- [Work instruction] Omit the pictures, then reproduce every remaining record exactly.
--- Source records Enclosed Below ---
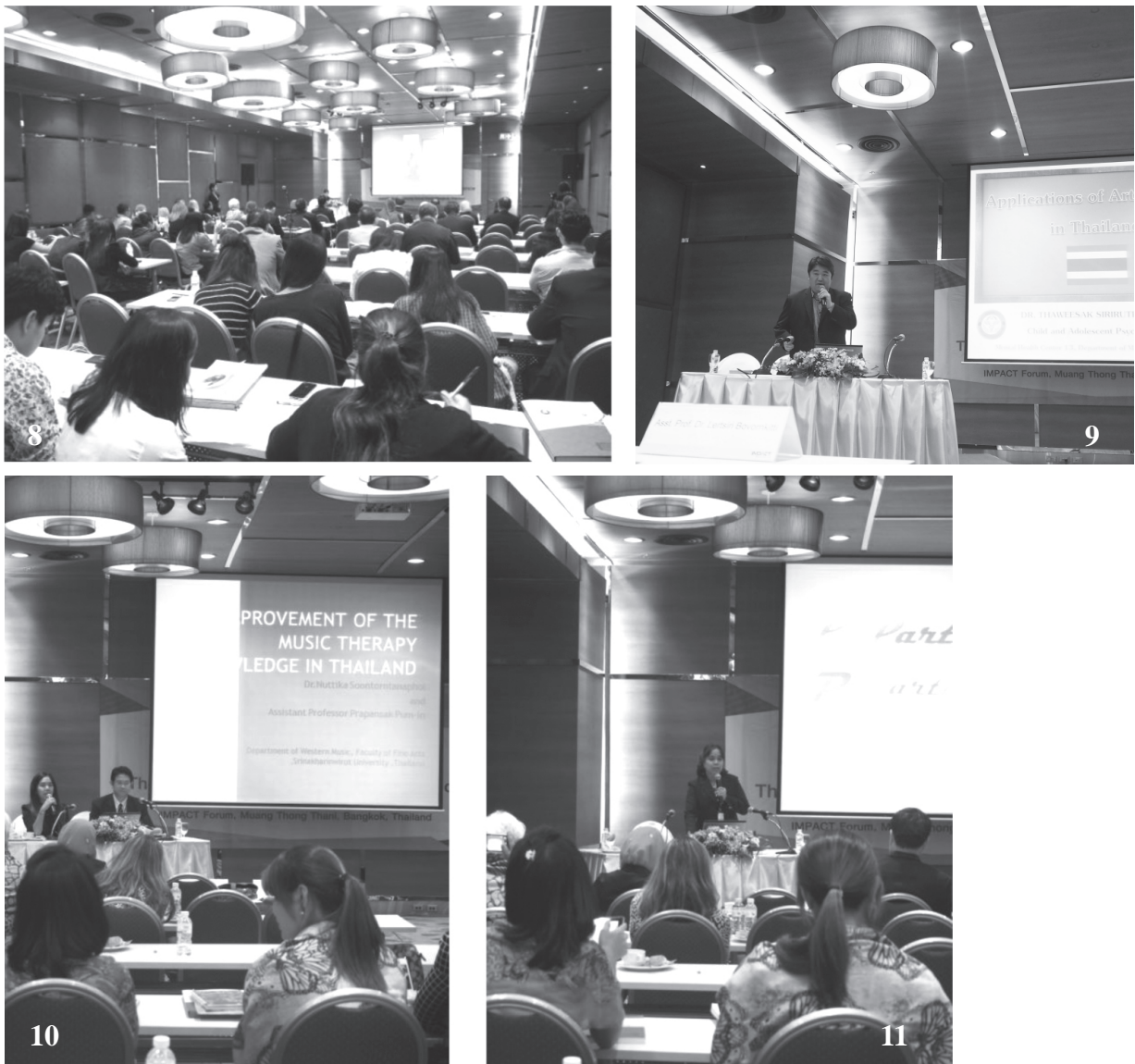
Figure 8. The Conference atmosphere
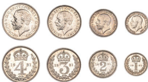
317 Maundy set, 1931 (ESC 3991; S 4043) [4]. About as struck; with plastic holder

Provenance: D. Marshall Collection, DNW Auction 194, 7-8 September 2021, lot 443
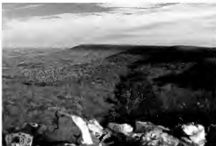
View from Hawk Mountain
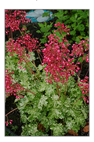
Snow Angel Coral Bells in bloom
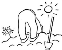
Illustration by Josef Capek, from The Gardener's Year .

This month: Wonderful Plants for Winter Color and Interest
--- End of Enclosed Source records ---
- [Answer for the task]
Figure 8. The Conference atmosphere
317 Maundy set, 1931 (ESC 3991; S 4043) [4]. About as struck; with plastic holder

Provenance: D. Marshall Collection, DNW Auction 194, 7-8 September 2021, lot 443
View from Hawk Mountain
Snow Angel Coral Bells in bloom
Illustration by Josef Capek, from The Gardener's Year .

This month: Wonderful Plants for Winter Color and Interest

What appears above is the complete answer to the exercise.